Update README.md

235ed50 verified 7 days ago

4.67 kB

	---
	license: apache-2.0
	language:
	- en
	base_model:
	- deepseek-ai/DeepSeek-R1-Distill-Qwen-14B
	pipeline_tag: text-generation
	library_name: transformers
	tags:
	- text-generation-inference
	- code
	- math
	- error-correction
	- R1
	- 14B
	- Reasoning
	---

	![3.png](https://cdn-uploads.huggingface.co/production/uploads/65bb837dbfb878f46c77de4c/XT_cpfSE_oZyA-7AZJagT.png)
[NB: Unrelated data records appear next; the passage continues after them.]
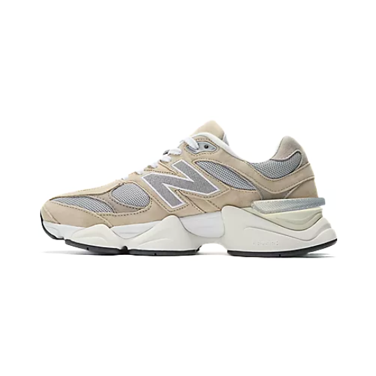 The New Balance 9060 Incense Raincloud Arid Stone fuses muted natural tones with the futuristic design language of the 9060 silhouette. The upper combines breathable mesh in a soft raincloud grey with layered suede overlays in incense and arid stone shades, creating a textured, tonal palette that feels both modern and organic. Reflective details accent the “N” logo and trim, adding subtle highlights that catch light against the subdued backdrop. The sculpted midsole, influenced by the 99X series heritage, is exaggerated with flowing curves and pod-like sections, housing ABZORB and SBS cushioning for plush comfort and responsive support. A durable rubber outsole with segmented tread patterns ensures traction and stability, completing a sneaker that balances earthy sophistication with progressive style.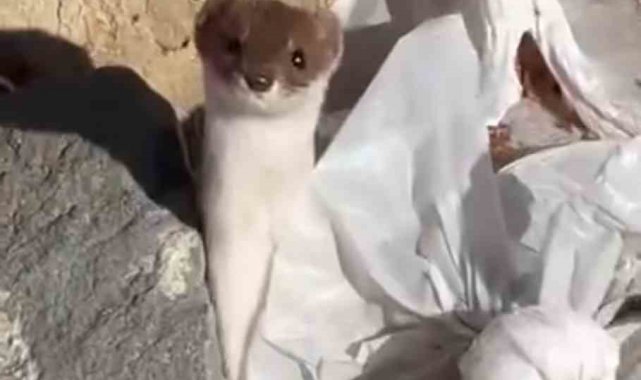 Hakkari'nin Yüksekova ilçesinde ender rastlanan gelincik, vatandaşlar tarafından cep telefonu kamerasıyla ilçe merkezinde kaydedildi.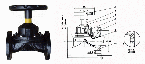 部件列表:1、阀体 2阀体衬里 3隔膜 4阀瓣 5阀杆 6阀盖 7手轮
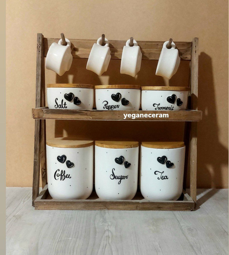 پاسماوری و جا ادویه سرامیکی طرح قلب برجسته ست شش تیکه استند چوبی.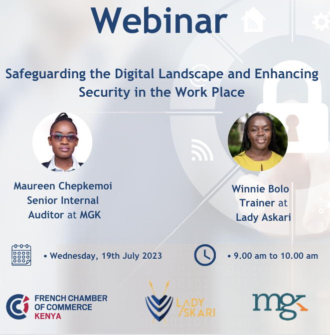 The second half of this webinar was a session on focused on physical security at the work place. What do you do in the event of an active shooter or terrorist attack whose intention is to cause harm and kill as many people as possible? Have you found yourself scanning new surroundings for the nearest exit just so you are ready in case of danger? Winnie Bolo, Trainer at Lady Askari, our silver member advised us to run if there is an accessible escape path or hide if the former is not possible. Where both these fail, fighting is a measure of last resort.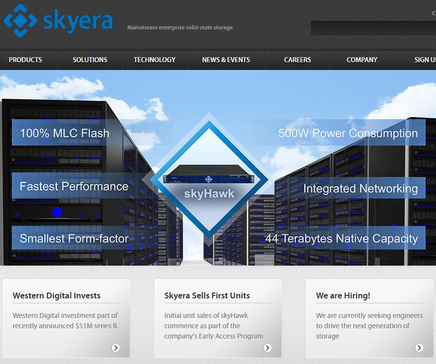 “One of our primary goals in developing strategic relationships with technology innovators in the broader storage ecosystem is to enable customers to develop highly optimized storage solutions that meet their changing data management needs,” said Steve Milligan, president and chief executive officer, Western Digital. “We see companies like Skyera as offering a dramatic improvement over traditional approaches to emerging storage challenges. We will continue to support innovation by collaborating with customers and partners, and investing in companies who are addressing today’s most exciting storage opportunities.”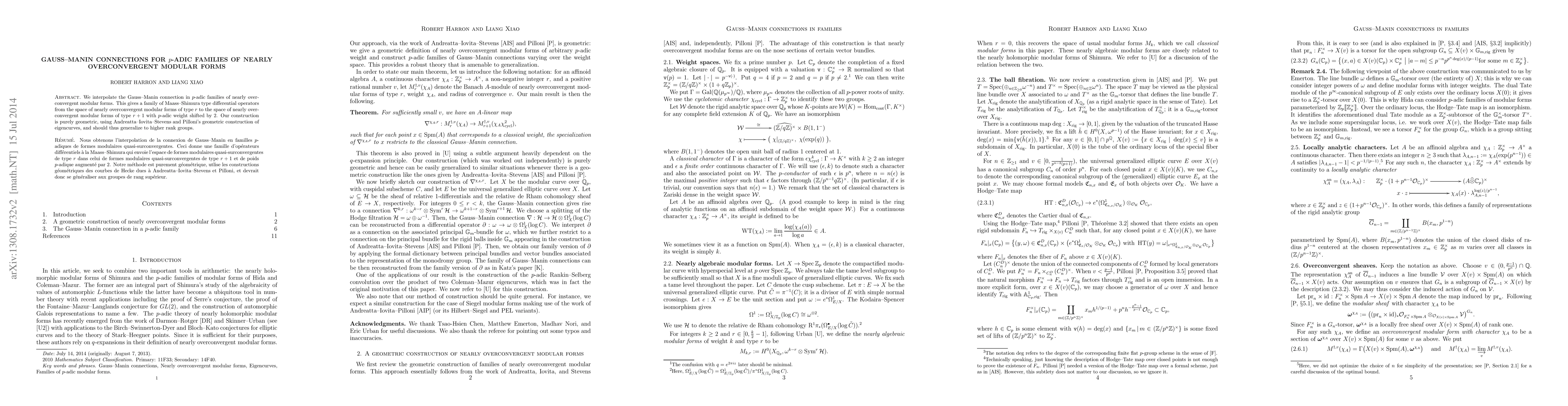 This paper constructs a Gauss-Manin connection for p-adic families of nearly overconvergent modular forms, yielding Maass-Shimura type differential operators. The method relies on a purely geometric approach involving eigencurves and is expected to generalize to higher rank groups.

	# Canum-Venaticorum-14B-B.1

	> Canum-Venaticorum-14B-B.1 is based on the Qwen 2.5 14B modality architecture, built to significantly enhance the mathematical reasoning, coding ability, and error correction performance of 14B-parameter models. This version has been optimized for general-purpose reasoning, structured problem-solving, and intelligent assistance, offering advanced capabilities in understanding complex instructions, logical deduction, and multi-step computation.

	## Key Improvements
	1. Mathematical Reasoning Enhancements:
	Equipped with advanced capabilities in handling mathematical logic, symbolic computation, step-by-step problem-solving, and numerical accuracy across topics from basic arithmetic to higher-order mathematics.
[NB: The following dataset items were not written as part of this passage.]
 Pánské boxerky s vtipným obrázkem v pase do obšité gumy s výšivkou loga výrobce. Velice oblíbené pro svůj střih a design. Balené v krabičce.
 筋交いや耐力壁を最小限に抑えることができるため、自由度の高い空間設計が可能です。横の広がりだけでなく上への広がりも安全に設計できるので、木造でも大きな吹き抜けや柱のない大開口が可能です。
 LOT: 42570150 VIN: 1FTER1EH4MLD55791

	2. Coding and Debugging Proficiency:
	Improved performance in code generation, understanding documentation, and identifying and correcting bugs in multiple programming languages, especially Python, JavaScript, and C++. It supports functional, object-oriented, and scripting paradigms.

	3. Intelligent Error Correction:
	Capable of identifying inconsistencies or errors in logical reasoning, structured formats (JSON, XML), and code outputs, with suggestions and auto-corrections.

	4. Enhanced Instruction Following:
	Fine-tuned for following complex, nested instructions with increased precision and coherence over extended prompts and interactions.

	5. Long-Context Support:
	Supports up to 128K tokens for input context and can generate up to 8K tokens in one output, making it well-suited for extended problem solving, document generation, and analysis.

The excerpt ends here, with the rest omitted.